Wypłacamy rolnikom pieniądze na bieżąco za szkody spowodowane przez dziki – mówi Grzegorz Brom, prezes Koła Łowieckiego „Łabędź” w Bieruniu (z terenu powiatu). – Także odstrzał tej zwierzyny jest na bieżąco prowadzony. Przekroczyliśmy obecne normy przynajmniej o kilkanaście procent, bo zabitych zostało 110 dzików. Zakładamy też pastuchy na polach, rozdajemy zabezpieczenia zapachowe. Staramy się robić jak najwięcej, bo wiemy, że dziki powodują szkody, a chcemy temu zapobiegać. 

Myśliwy podkreśla, że populacja dzika rośnie i będzie rosnąć przynajmniej z kilku powodów. Dla rolników brzmi to skandalicznie. 

– Jest kilka czynników, które powodują zwiększanie się populacji dzika. Także gospodarka rolna jest po części odpowiedzialna za sytuację, bo rolnicy uprawiają bardzo dużo kukurydzy, a to dla dzików znakomite pożywienie. Zaś w przypadku traw rolnicy powinni częściej orać grunty, na których te rośliny są siane, bo przy dłuższej uprawie tego samego rodzaju gromadzi się tam wiele pędraków, a ich właśnie szukają dziki. Kolejny czynnik wzrostu ich populacji to coraz bardziej widoczna zmiana klimatu. Kiedyś część młodych dzików w czasie mrozów po prostu ginęła, a teraz, kiedy nie ma prawdziwej zimy, ich populacja rośnie i się wzmacnia.

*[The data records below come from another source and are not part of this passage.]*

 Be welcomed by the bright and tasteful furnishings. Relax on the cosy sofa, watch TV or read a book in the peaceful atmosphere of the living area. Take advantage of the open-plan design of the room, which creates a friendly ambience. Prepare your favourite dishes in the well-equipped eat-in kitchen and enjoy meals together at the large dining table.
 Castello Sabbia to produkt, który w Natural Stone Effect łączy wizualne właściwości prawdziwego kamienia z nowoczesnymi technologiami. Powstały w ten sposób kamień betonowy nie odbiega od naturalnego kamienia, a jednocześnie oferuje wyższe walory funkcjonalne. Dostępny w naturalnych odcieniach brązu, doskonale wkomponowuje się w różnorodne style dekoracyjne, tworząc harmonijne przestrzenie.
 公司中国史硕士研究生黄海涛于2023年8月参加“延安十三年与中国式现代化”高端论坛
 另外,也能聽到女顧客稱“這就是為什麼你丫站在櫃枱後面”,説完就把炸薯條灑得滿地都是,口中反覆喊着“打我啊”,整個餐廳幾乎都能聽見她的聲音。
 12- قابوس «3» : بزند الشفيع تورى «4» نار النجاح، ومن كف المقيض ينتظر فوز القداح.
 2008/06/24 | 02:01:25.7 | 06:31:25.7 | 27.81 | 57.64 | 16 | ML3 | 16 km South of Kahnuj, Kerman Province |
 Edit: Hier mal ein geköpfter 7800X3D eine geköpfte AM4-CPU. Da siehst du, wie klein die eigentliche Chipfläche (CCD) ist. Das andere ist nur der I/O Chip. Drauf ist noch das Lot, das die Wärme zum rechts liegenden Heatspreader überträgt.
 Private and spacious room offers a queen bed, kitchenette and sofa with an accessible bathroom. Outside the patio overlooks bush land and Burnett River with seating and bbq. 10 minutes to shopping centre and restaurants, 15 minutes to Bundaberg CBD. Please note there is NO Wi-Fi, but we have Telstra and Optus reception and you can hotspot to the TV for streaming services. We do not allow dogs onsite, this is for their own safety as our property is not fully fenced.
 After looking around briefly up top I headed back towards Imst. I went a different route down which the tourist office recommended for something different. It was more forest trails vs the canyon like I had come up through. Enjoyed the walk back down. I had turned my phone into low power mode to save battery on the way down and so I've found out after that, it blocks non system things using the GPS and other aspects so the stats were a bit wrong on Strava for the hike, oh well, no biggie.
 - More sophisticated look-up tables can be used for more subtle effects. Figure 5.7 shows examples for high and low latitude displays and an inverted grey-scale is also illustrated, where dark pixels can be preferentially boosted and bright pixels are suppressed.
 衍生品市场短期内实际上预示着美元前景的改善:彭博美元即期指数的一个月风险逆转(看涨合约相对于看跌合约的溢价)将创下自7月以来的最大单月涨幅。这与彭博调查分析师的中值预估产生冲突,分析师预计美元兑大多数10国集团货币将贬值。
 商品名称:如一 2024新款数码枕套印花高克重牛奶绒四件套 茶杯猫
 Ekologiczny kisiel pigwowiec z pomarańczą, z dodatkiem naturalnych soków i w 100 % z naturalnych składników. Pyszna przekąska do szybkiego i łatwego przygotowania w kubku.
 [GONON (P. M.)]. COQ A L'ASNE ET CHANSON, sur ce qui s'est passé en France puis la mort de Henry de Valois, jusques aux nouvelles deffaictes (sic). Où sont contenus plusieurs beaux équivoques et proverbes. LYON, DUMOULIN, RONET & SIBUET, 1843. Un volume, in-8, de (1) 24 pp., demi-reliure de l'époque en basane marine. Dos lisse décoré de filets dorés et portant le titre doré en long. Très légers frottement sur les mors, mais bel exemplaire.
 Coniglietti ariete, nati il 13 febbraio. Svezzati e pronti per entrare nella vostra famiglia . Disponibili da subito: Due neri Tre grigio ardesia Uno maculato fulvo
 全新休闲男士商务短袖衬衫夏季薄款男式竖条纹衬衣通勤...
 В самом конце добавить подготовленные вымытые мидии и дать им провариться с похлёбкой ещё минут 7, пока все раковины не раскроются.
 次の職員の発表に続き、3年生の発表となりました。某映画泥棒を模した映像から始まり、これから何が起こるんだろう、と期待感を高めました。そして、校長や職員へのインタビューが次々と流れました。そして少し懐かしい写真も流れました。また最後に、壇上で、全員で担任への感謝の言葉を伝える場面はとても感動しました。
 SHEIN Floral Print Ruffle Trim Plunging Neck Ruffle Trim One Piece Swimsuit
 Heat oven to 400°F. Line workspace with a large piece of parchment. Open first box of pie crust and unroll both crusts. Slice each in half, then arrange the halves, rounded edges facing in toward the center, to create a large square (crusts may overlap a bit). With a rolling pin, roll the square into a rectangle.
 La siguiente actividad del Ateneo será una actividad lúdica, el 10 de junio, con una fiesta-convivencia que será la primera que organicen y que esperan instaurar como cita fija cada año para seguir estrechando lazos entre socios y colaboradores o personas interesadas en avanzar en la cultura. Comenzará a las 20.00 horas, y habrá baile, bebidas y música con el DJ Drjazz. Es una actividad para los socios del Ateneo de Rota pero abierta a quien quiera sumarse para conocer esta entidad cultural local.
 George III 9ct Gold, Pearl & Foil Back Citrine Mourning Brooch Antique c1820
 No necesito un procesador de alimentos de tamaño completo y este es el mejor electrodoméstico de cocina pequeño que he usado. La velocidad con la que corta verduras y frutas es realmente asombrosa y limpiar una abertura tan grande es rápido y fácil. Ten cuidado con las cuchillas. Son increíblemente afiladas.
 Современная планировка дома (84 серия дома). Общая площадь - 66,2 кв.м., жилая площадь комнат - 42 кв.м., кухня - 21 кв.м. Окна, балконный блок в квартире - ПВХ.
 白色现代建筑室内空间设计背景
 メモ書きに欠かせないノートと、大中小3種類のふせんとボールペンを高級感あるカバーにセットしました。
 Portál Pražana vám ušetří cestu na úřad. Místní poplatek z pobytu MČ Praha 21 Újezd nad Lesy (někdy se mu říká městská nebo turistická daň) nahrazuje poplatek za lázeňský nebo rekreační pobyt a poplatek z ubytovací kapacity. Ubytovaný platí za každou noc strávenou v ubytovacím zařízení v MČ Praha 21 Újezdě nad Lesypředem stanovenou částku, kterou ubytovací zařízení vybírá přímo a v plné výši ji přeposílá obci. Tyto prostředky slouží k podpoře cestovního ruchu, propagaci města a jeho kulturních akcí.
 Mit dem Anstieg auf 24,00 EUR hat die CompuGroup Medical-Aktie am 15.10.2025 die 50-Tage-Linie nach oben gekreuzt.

Do tego dochodzi wcześniejsza dojrzałość płciowa dzików, co skutkuje szybko zwiększającą się populacją – mówi myśliwy. 

Niszczą pola i maszyny 

Wiele razy próbowaliśmy rozmawiać z myśliwymi, ale nic to nie dało. Mamy duże zniszczenia na polach, sięgające nawet trzydziestu procent. Do tego dochodzą koszty naprawy maszyn, które zostały uszkodzone na zniszczonych przez dziki polach – opowiada Celina Nierodkiewicz, rolniczka z Lędzin.

Jej rodzina ma w tym rejonie 50 ha łąk, które są potrzebne, aby wyżywić stado kilkudziesięciu sportowych koni i kozy. 

To wygląda bardzo źle. Brakuje nam wsparcia z góry – skarży się kobieta. – Kiedyś myśliwy w ramach rekompensaty zawiózł mojego męża do lasu i pokazał mu łąkę, którą miał sobie wykosić, a siano zabrać do gospodarstwa. Myśleliśmy, że to żart, kpiny, ale tak to widzą tutejsi myśliwi. 

Na razie rodzina Nierodkiewiczów może się pochwalić drobnym sukcesem w walce o swoje prawa z myśliwymi.

Jeździli i śmiecili

– Jeździli po naszych gruntach samochodami, ale postawiliśmy tam ogrodzenie i od tego czasu jest spokój. Nikt też nie wyrzuca tam już nieczystości czy resztek jedzenia – opowiada pani Celina. 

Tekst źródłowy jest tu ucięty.